Have I gained any efficiency? I keep convincing and unconvincing myself that I have and have not.
Do you find this more readable? Or is this only easy for me to read because I wrote it? I'm a tad worried on that front due to the fact Table is not well known. On the other hand, the top level now pretty clearly says, "gather data from two sources and make these two maps from it." I also like the fact that it doesn't leave you wondering if/where the other two maps are being used (or not).
Do you have an even better, cleaner, faster, simpler way to do it than either of the above?
Please Lets not have the optimize early/late discussion here. I'm well aware of that pitfall. If it improves readability without hurting performance I am satisfied. Performance gain would be a nice bonus.
Note: my variable and method names have been sanitized here to keep the business area from distracting from the discussion, I definitely won't name them addRelationships1 or datasource1! Similarly, the final code will of course use constants not raw strings.
So I did some mini benchmarking myself and came up with the conclusion that there is little difference in the two methods in terms of execution time. I kept the total size of the data being processed constant by trading runs for data-set size. I did 4 runs and chose the lowest time for each implementation from among all 4 runs. Re-reassuringly both implementations were always fastest on the same run. My code can be found here. Here are my results:
Case Maps (ms) Table (ms) Table vs Maps
100000 runs of size 10 2931 3035 104%
10000 runs of size 100 2989 3033 101%
1000 runs of size 1000 3129 3160 101%
100 runs of size 10000 4126 4429 107%
10 runs of size 100000 5081 5866 115%
1 run of size 1000000 5489 5160 94%
So using Table seems to be slightly slower for small data sets. Something interesting happens around 100,000 and then by 1 million the table is actually faster. My data will hang out in the 100 to 1000 range, so at least in execution time the performance should be nearly identical.
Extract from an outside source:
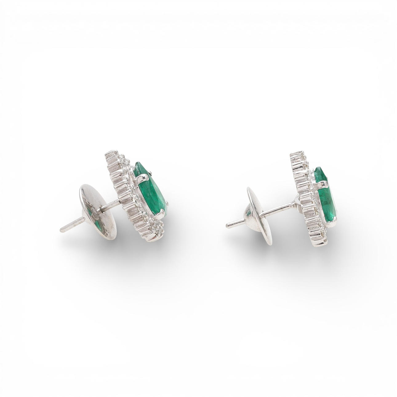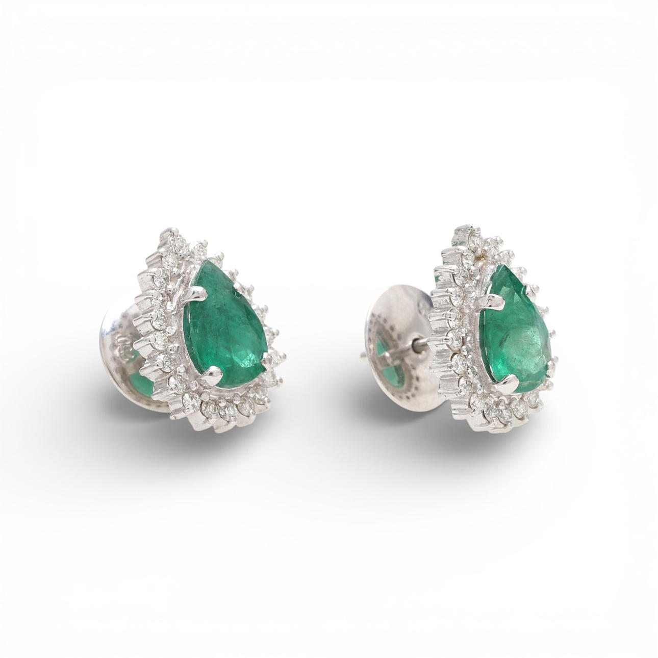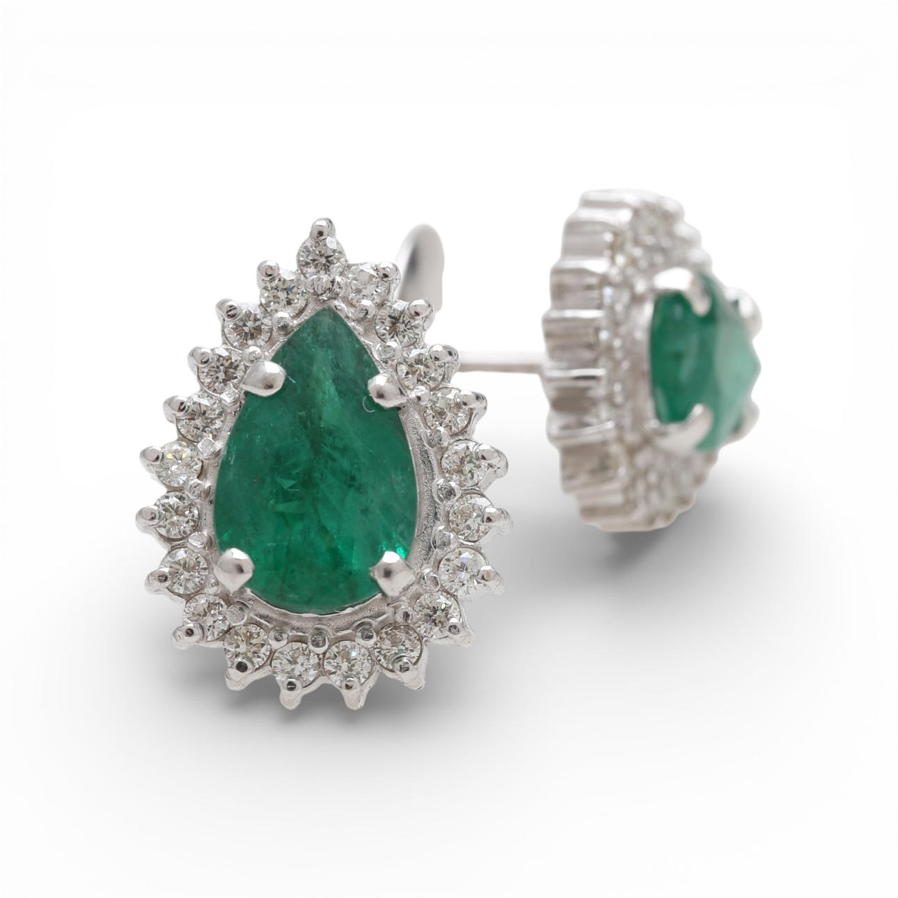 18K white gold, pear cut emeralds, approx. 2.44 cts., and brilliant cut diamonds, approx. 0.65 cts. 1.6 cm. 6 gr.

As for readability, my opinion is that if someone is trying to figure out what is happening near by and reads the code it will be significantly easier to see the intent. If they have to actually debug this bit of code it may be a bit harder since Table is less common, and requires some sophistication to understand.
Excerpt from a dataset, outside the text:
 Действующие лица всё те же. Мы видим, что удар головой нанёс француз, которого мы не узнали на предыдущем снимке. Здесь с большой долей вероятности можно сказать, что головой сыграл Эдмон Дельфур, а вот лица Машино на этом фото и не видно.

Another thing I am unsure of is whether or not it's more efficient to create the hash maps, or to just query the table directly in the case where all keys of the map will subsequently be iterated. However that's a different question :)
And the comedic ending is that in fact as I analyzed the code further (hundreds of lines), I found that the only significant use of nameByFullname.get() outside of logging (of questionable value) was to pass the result of the to idByName.get(). So in the end I'll actually be building an idByFullName map and an idByName map instead with no need for any joining, and dropping the whole table thing anyway. But it made for an interesting SO question I guess.
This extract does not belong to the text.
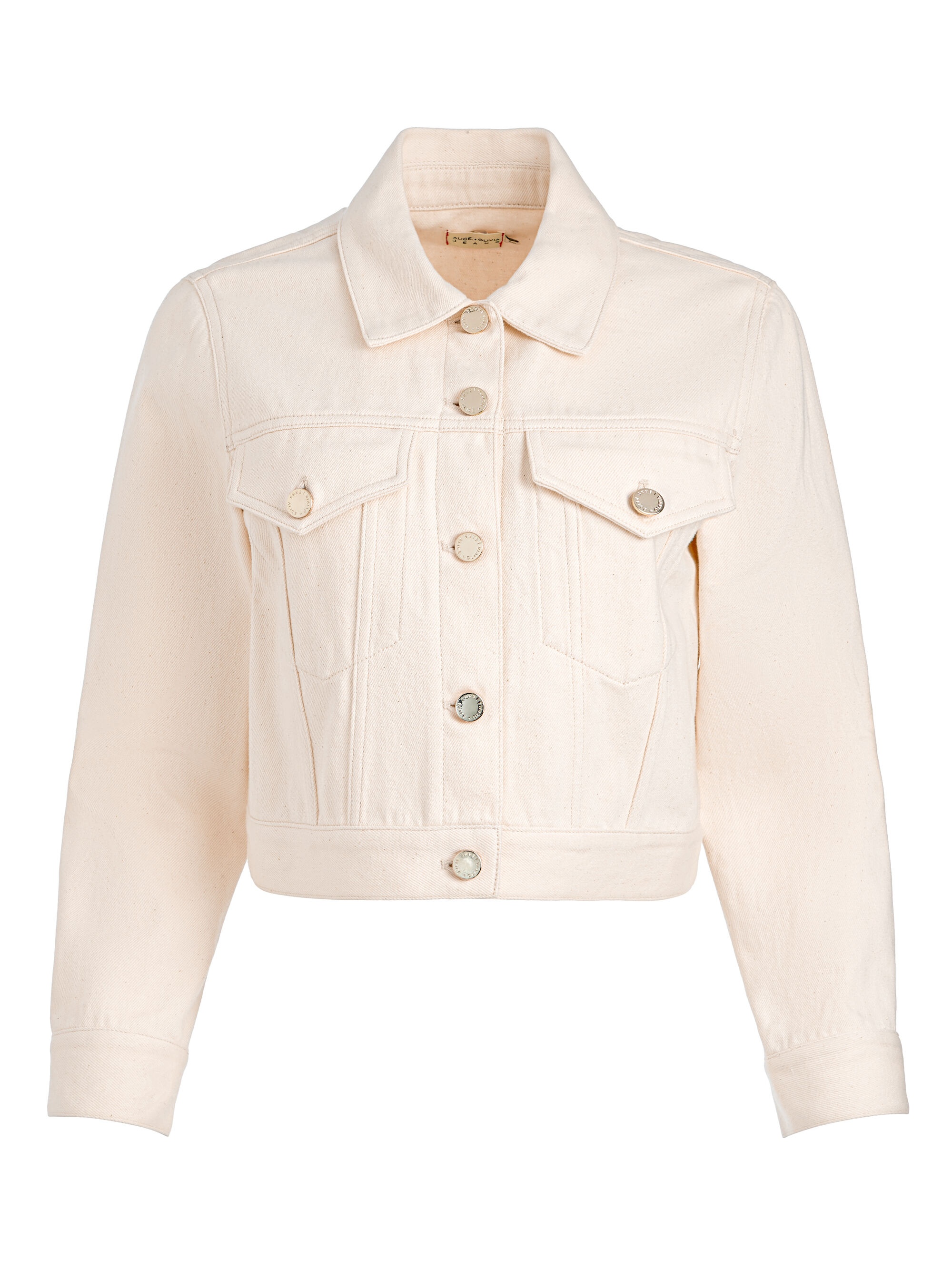 In a gorgeous and versatile oatmeal shade, this fun spin on the classic denim jacket will make a statement everywhere it goes. It's made from premium denim and tailored for a slightly cropped, boxy fit. Silver buttons, two patch pockets and a collared placket give it structure. Lean into its elevated staple vibe and pair with its matching Amazing jeans. You’ll look like you just stepped off a runway. DETAILS - Denim jacket - Cropped - Boxy fit - 100% cotton - Dry clean only - Imported FIT - Model is 5'10" and wearing a size 0 - Length from the shoulder: 18" - Fits true to size, take your normal size

tl;dr, but I'm afraid that you'd need to make a bigger step away from the original design. Simulating DB tables might be a nice exercise, but for me your code isn't really readable.
Is there a lurking inefficiency in what I have done... No idea.
Have I gained any efficiency? I'm afraid you need to measure it first. Removing some indirections surely helps, but using a more complicated data structure might offset it. And performance in general is simply too complicated.
Do you find this more readable? I'm afraid not.
Do you have an even better, cleaner, faster, simpler way to do it than either of the above? I hope so....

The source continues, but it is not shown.